TASK ITEM
Please give the whole listing again exactly, without any of its pictures.
-------- INFORMATION PROVIDED --------
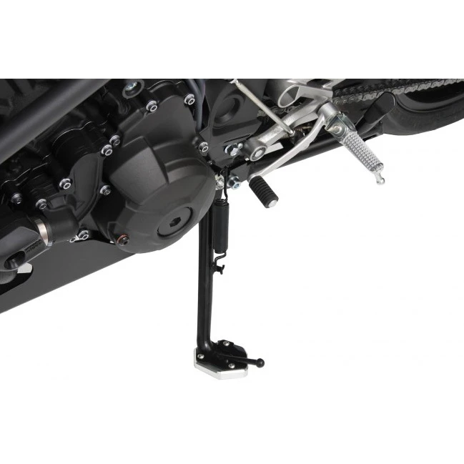 Side Stand enlarger that will help keep your bike from falling over or sinking into the ground. This enlargement is made of aircraft grade aluminum and offers a 100%+ increase in size.
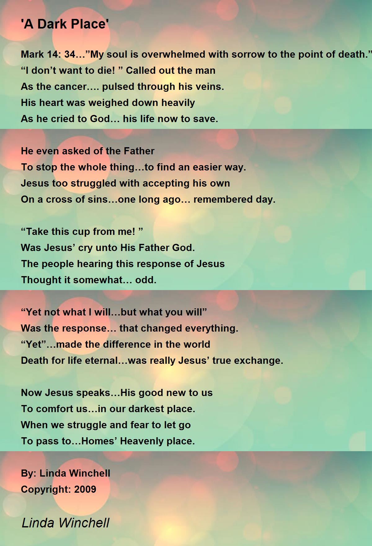 Mark 14: 34…”My soul is overwhelmed with sorrow to the point of death.”
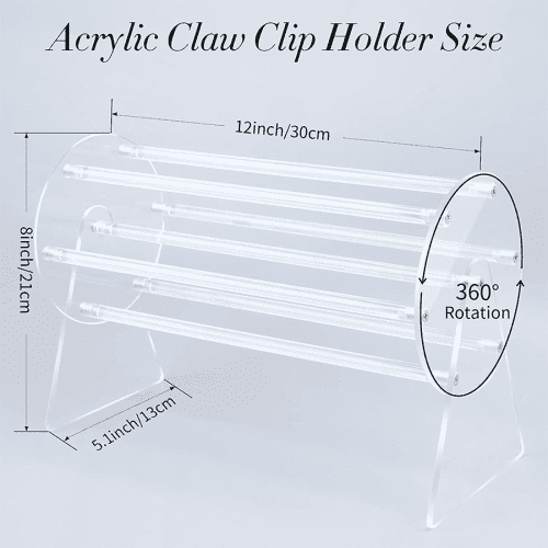 360 degree rotating hair clip organizer for easy access; Double layer acrylic design for storing claw clips and hair bands; Space saving hair clip organizer for dressing table; Durable transparent organizer for hair accessories
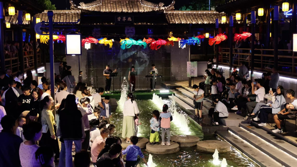 市集之上,音樂聲與歡笑聲交織回蕩。樂隊(duì)的精彩演繹中,動感旋律瞬間點(diǎn)燃觀眾熱情,不少市民、游客主動登臺獻(xiàn)唱,沉浸式享受熱鬧氛圍;古運(yùn)河邊軒窗輕啟,舞者于窗前水袖翻飛,不時(shí)與河邊游客互動,為喧鬧市集注入了鮮活靈動的氣息。
--------
SOLVED EXERCISE
 Side Stand enlarger that will help keep your bike from falling over or sinking into the ground. This enlargement is made of aircraft grade aluminum and offers a 100%+ increase in size.
 Mark 14: 34…”My soul is overwhelmed with sorrow to the point of death.”
 360 degree rotating hair clip organizer for easy access; Double layer acrylic design for storing claw clips and hair bands; Space saving hair clip organizer for dressing table; Durable transparent organizer for hair accessories
 市集之上,音樂聲與歡笑聲交織回蕩。樂隊(duì)的精彩演繹中,動感旋律瞬間點(diǎn)燃觀眾熱情,不少市民、游客主動登臺獻(xiàn)唱,沉浸式享受熱鬧氛圍;古運(yùn)河邊軒窗輕啟,舞者于窗前水袖翻飛,不時(shí)與河邊游客互動,為喧鬧市集注入了鮮活靈動的氣息。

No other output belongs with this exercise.